The leaves of green plants contain hundreds of pigment molecules (chlorophyll and others) that absorb light at specific wavelengths.
When light of the correct wavelength hits one of these molecules, the molecule enters an excited state — and energy from this excited state is shuttled down a chain of pigment molecules until it reaches a specific type of chlorophyll in the photosynthetic reaction center.
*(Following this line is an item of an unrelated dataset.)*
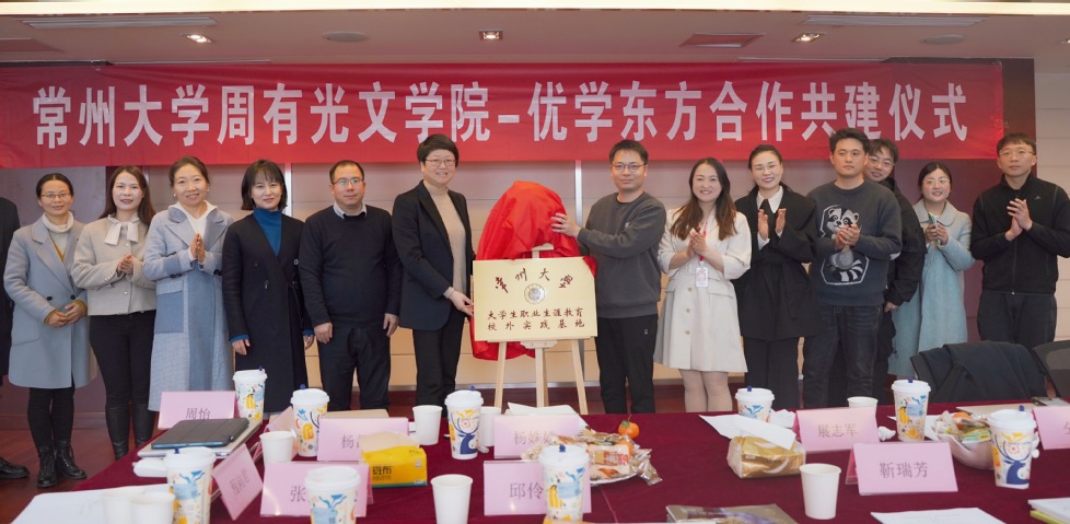 签约仪式上,董文康、于海阔代表双方签署了合作共建协议;焦洁庆、金乐共同为常州大学大学生职业生涯教育校外实践基地进行揭牌。
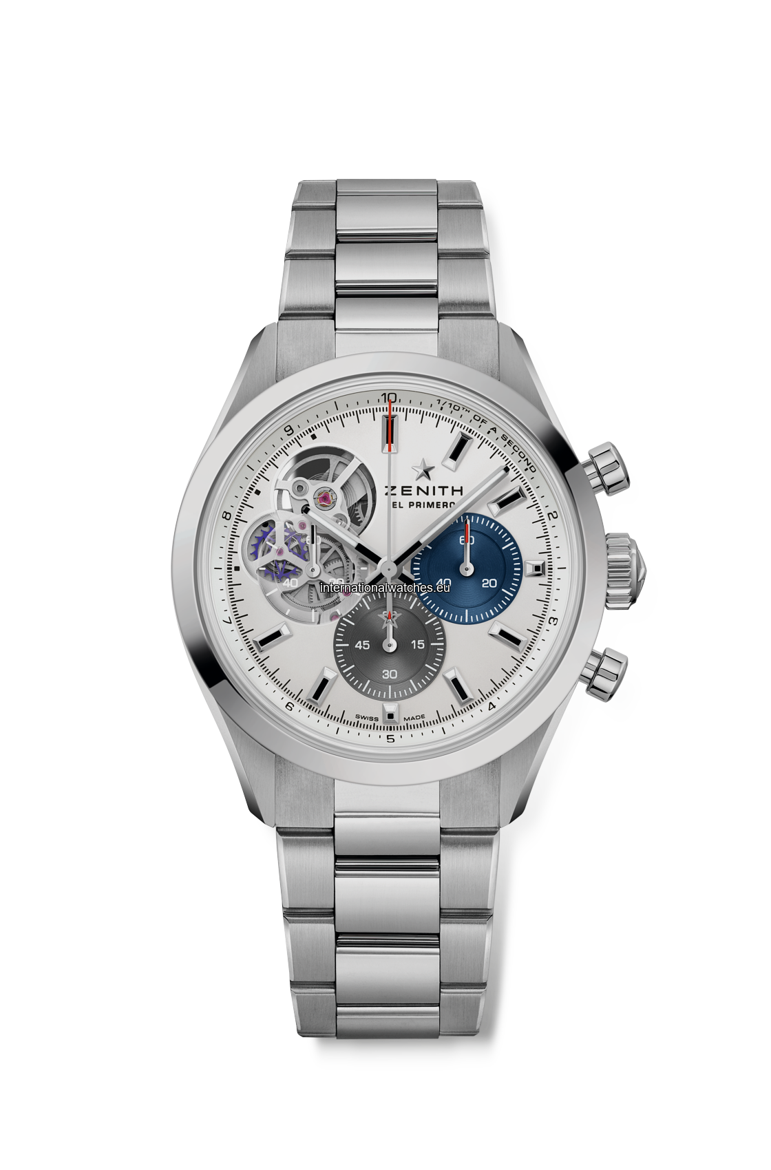 The CHRONOMASTER Open offers a view of the beating heart of the El Primero movement from the dial. Crafted in a sleek 39.5mm steel case, this version features a matte silver dial with tricolour counters and a transparent counter for the running seconds, paired with an integrated steel bracelet. Powered by the El Primero 3604 1/10th of a second automatic chronograph movement.

Schematic showing how photosynthesis works. One of the most important steps in photosynthesis is the splitting of water to release hydrogen and oxygen atoms, forming glucose sugar so that the plant can grow and release oxygen as a byproduct.
Here, energy is used to drive the charge separation process necessary for photosynthesis to proceed.
The electron ‘hole’ that remains in the chlorophyll molecule is used to ‘split’ water into oxygen.
Hydrogen ions formed during the water splitting process are eventually used to convert carbon dioxide into glucose energy, which the plant used to grow.